(SOURCE MATERIAL begins)

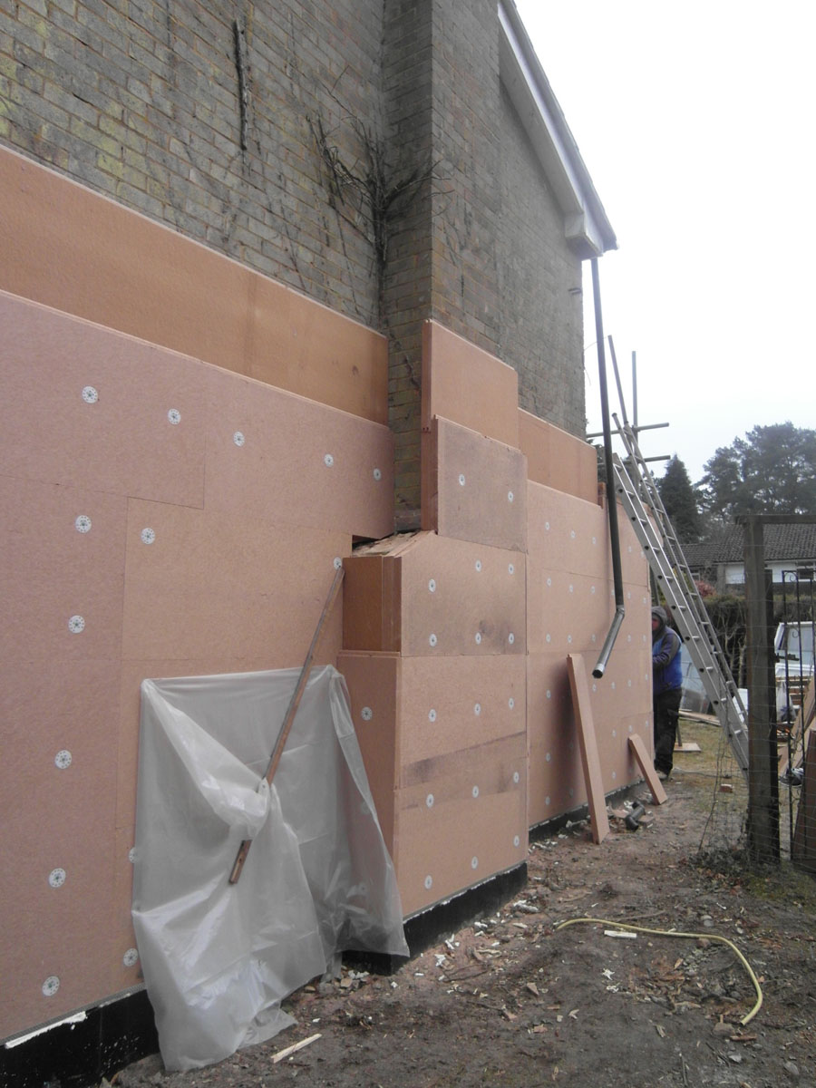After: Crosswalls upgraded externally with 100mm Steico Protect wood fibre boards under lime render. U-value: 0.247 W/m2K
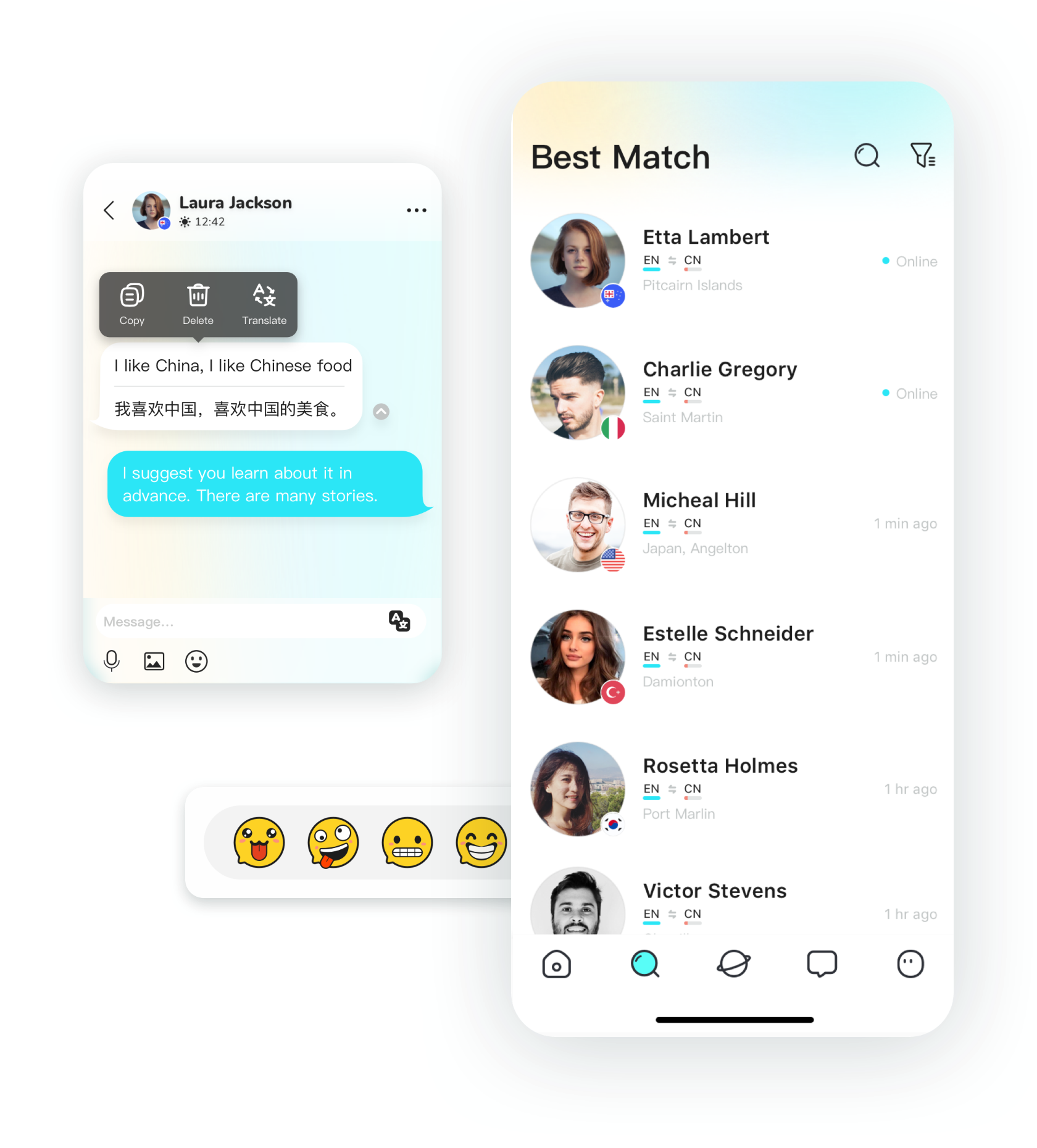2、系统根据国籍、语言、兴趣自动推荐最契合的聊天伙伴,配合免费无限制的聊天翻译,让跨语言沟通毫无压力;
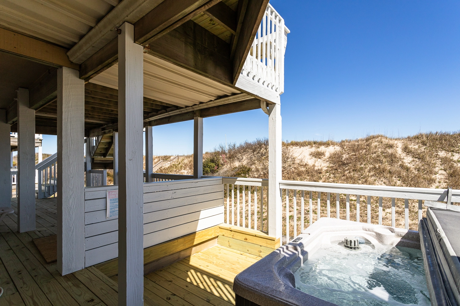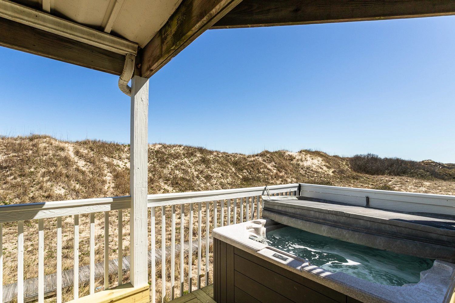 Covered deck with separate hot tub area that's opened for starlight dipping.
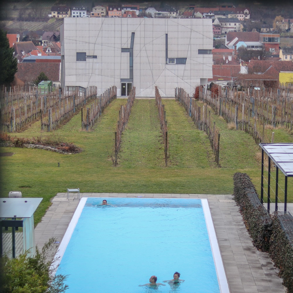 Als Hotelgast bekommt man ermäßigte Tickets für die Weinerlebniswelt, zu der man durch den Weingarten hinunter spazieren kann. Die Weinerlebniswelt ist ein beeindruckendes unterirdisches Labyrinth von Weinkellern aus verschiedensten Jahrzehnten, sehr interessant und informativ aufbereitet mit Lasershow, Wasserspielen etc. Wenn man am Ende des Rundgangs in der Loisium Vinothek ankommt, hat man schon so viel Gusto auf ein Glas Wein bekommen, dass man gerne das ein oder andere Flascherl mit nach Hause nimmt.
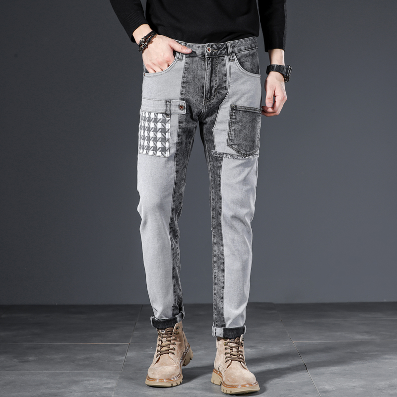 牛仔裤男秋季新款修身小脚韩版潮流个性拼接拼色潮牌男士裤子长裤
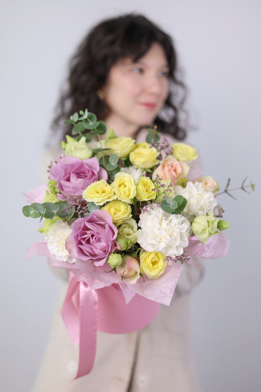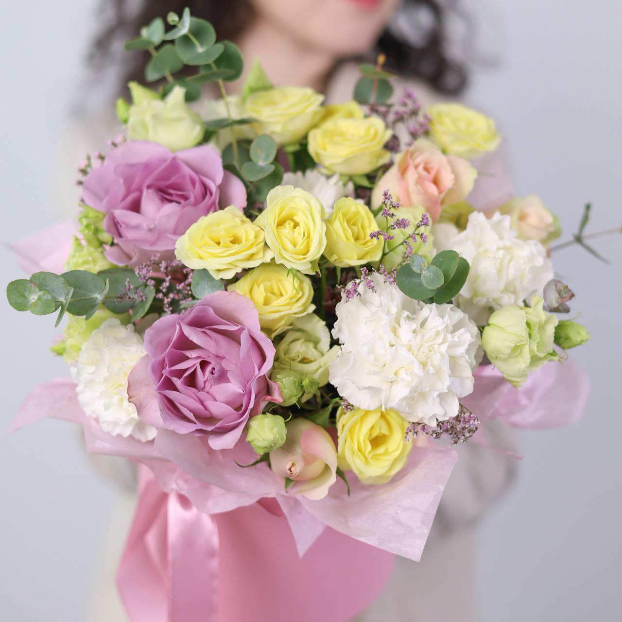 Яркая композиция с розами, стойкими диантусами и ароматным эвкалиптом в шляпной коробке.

(SOURCE MATERIAL ends)

Provide the lines again, unchanged, from where the data above begins through the line containing "Covered deck with", both ends included, omitting pictures and adding nothing.

_EXERCISE RESULT_.
After: Crosswalls upgraded externally with 100mm Steico Protect wood fibre boards under lime render. U-value: 0.247 W/m2K
2、系统根据国籍、语言、兴趣自动推荐最契合的聊天伙伴,配合免费无限制的聊天翻译,让跨语言沟通毫无压力;
 Covered deck with separate hot tub area that's opened for starlight dipping.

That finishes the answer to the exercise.